-- PROBLEM DESCRIPTION --
In the records below, reproduce exactly the lines from the one containing "- Attach a gauge" through the one containing "Иногда люди считают, что", both included, and omit the pictures.

====== PROVIDED ENTRIES

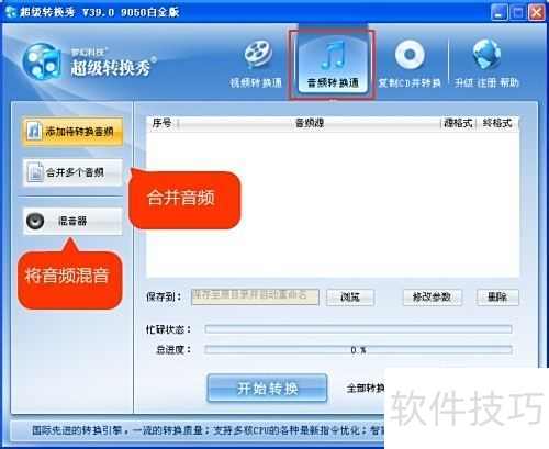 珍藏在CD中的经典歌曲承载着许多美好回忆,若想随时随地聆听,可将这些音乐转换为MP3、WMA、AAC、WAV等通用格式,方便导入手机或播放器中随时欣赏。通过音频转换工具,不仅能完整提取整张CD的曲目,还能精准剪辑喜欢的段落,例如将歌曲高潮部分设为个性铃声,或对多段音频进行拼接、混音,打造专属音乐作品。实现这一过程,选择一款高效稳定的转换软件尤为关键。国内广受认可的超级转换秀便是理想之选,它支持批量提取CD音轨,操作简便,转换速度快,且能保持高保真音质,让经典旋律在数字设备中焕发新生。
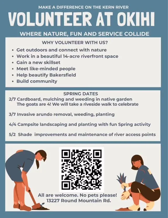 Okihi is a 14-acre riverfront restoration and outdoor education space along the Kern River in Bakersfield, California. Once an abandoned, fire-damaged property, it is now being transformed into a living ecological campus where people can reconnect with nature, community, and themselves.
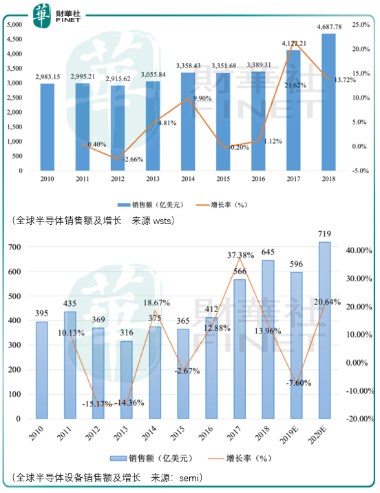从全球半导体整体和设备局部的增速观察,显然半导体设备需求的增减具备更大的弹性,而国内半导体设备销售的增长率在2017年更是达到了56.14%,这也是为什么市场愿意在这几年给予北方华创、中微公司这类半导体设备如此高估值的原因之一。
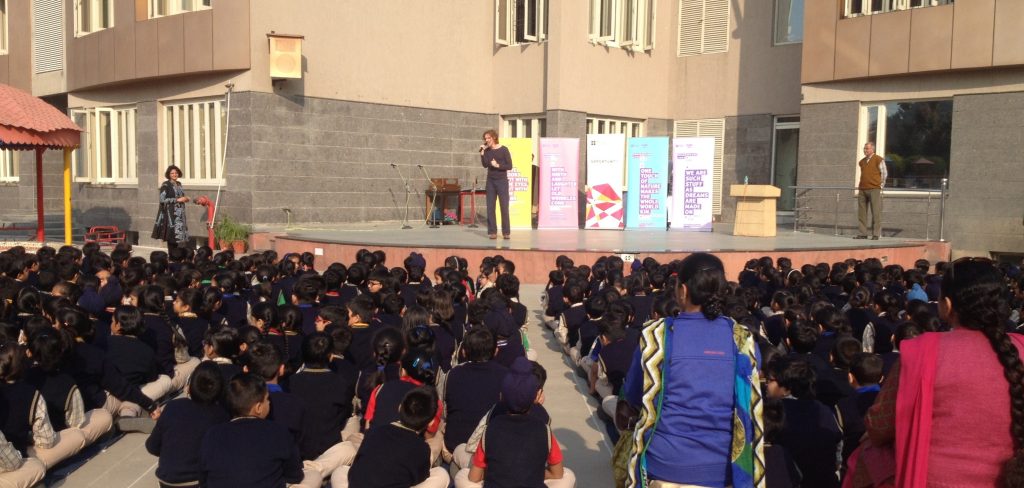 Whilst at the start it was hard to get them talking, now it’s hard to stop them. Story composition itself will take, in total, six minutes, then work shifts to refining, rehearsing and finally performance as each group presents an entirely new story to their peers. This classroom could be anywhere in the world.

============
====== PROVIDED ENTRIES

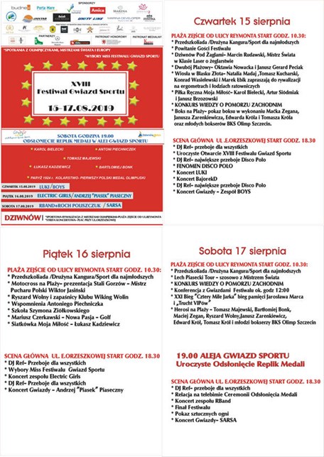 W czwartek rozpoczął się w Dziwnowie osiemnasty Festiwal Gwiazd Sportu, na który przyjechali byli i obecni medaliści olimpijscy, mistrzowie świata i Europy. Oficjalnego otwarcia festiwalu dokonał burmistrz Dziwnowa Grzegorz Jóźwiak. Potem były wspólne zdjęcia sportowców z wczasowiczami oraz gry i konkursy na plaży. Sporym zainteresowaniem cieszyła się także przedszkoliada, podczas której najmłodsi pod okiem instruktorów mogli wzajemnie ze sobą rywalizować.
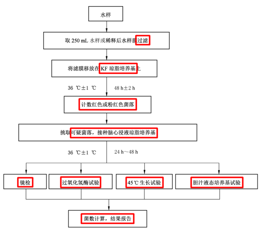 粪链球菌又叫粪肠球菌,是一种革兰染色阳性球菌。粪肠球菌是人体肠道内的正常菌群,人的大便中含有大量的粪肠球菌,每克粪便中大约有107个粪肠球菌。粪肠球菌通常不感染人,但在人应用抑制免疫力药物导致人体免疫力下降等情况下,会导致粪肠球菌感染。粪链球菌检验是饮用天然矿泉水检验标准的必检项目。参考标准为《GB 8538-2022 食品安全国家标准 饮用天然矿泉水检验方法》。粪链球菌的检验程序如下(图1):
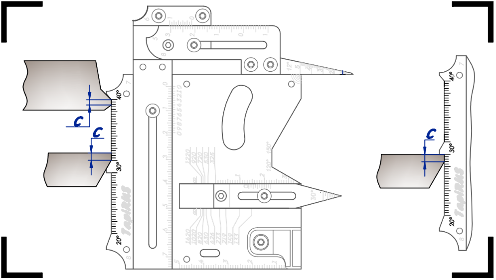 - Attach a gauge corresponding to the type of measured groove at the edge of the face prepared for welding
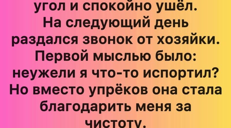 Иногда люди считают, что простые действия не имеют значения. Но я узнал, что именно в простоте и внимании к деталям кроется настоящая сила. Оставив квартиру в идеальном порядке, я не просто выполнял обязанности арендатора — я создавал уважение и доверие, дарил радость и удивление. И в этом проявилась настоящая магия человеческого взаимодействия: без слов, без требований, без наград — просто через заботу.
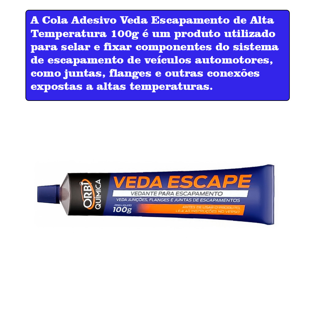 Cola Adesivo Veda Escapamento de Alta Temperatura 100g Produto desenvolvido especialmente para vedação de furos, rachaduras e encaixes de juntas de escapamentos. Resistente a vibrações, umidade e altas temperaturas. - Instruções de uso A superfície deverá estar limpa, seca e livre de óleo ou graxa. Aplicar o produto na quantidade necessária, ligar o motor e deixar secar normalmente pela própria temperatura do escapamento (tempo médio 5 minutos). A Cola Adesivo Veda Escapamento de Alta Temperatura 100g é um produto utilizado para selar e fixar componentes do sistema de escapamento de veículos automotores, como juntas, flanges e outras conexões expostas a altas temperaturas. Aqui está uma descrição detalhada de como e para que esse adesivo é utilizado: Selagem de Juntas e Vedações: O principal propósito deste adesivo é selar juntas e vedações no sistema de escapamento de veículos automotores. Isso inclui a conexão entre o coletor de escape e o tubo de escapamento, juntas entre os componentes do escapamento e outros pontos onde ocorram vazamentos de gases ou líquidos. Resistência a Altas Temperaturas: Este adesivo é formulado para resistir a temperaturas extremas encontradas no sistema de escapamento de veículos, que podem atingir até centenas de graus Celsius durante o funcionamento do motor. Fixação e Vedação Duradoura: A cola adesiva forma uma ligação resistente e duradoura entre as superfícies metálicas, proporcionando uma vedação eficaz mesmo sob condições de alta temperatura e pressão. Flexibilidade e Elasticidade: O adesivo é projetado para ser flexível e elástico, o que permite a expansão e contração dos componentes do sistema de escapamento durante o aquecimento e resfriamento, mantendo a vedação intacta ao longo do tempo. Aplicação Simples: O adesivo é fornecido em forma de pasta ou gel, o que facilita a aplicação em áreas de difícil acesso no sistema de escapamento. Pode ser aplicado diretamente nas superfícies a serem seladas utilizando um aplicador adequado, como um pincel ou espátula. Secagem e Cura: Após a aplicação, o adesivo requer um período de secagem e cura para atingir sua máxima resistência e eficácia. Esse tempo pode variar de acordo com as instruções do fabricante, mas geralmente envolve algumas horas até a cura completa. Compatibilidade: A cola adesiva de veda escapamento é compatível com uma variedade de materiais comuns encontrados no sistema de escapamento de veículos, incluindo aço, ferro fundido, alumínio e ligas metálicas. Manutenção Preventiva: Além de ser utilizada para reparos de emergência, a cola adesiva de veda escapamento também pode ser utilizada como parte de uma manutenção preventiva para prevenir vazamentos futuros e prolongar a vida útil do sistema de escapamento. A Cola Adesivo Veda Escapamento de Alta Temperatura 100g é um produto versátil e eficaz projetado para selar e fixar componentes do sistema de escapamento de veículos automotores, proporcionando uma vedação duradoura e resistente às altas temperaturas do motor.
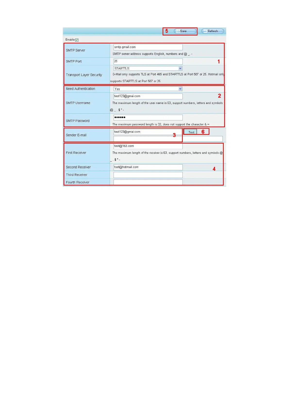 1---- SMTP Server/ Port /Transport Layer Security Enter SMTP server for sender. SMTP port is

============
====== PROVIDED ENTRIES

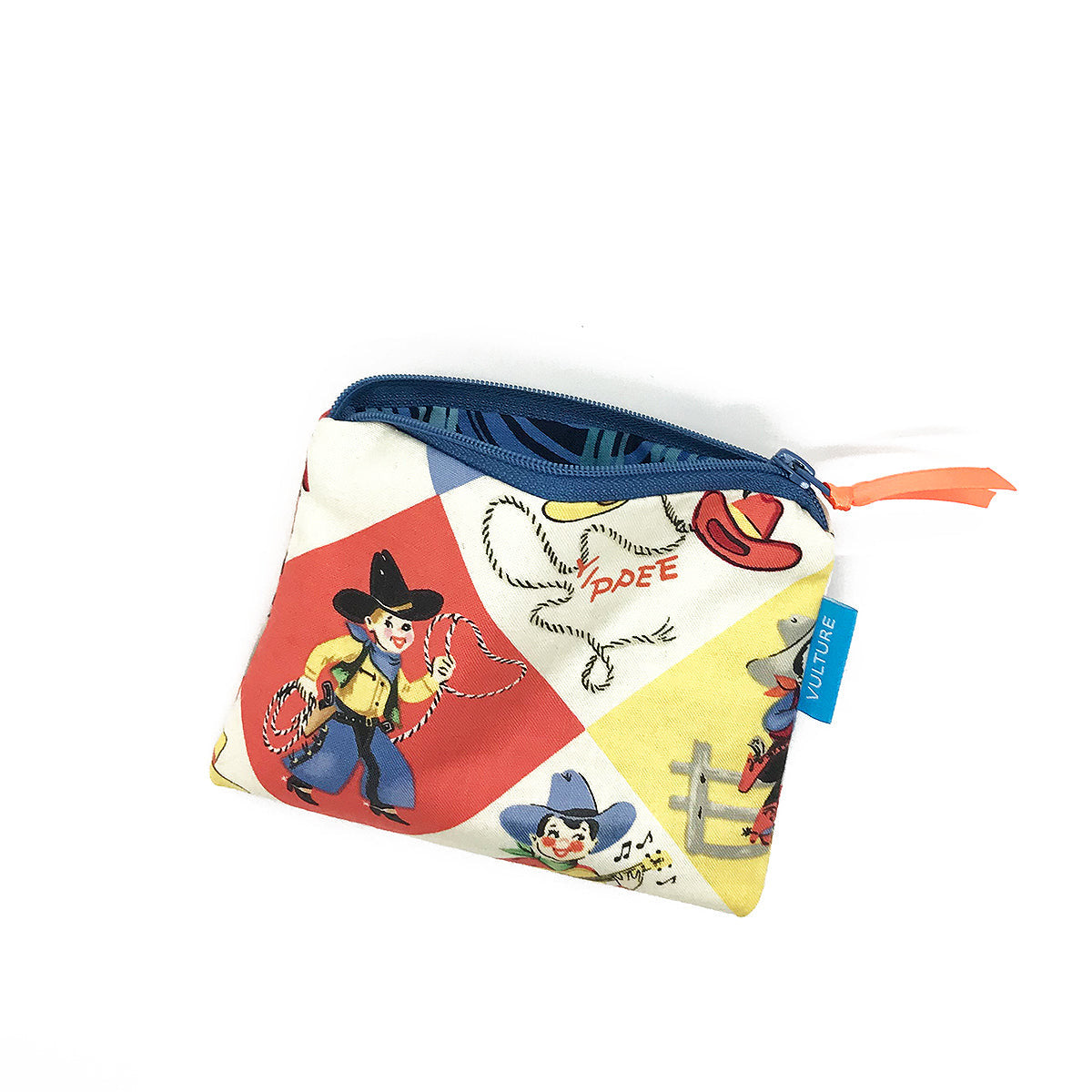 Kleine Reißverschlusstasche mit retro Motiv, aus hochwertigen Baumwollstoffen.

============

-- TASK SOLUTION --
 - Attach a gauge corresponding to the type of measured groove at the edge of the face prepared for welding
 Иногда люди считают, что простые действия не имеют значения. Но я узнал, что именно в простоте и внимании к деталям кроется настоящая сила. Оставив квартиру в идеальном порядке, я не просто выполнял обязанности арендатора — я создавал уважение и доверие, дарил радость и удивление. И в этом проявилась настоящая магия человеческого взаимодействия: без слов, без требований, без наград — просто через заботу.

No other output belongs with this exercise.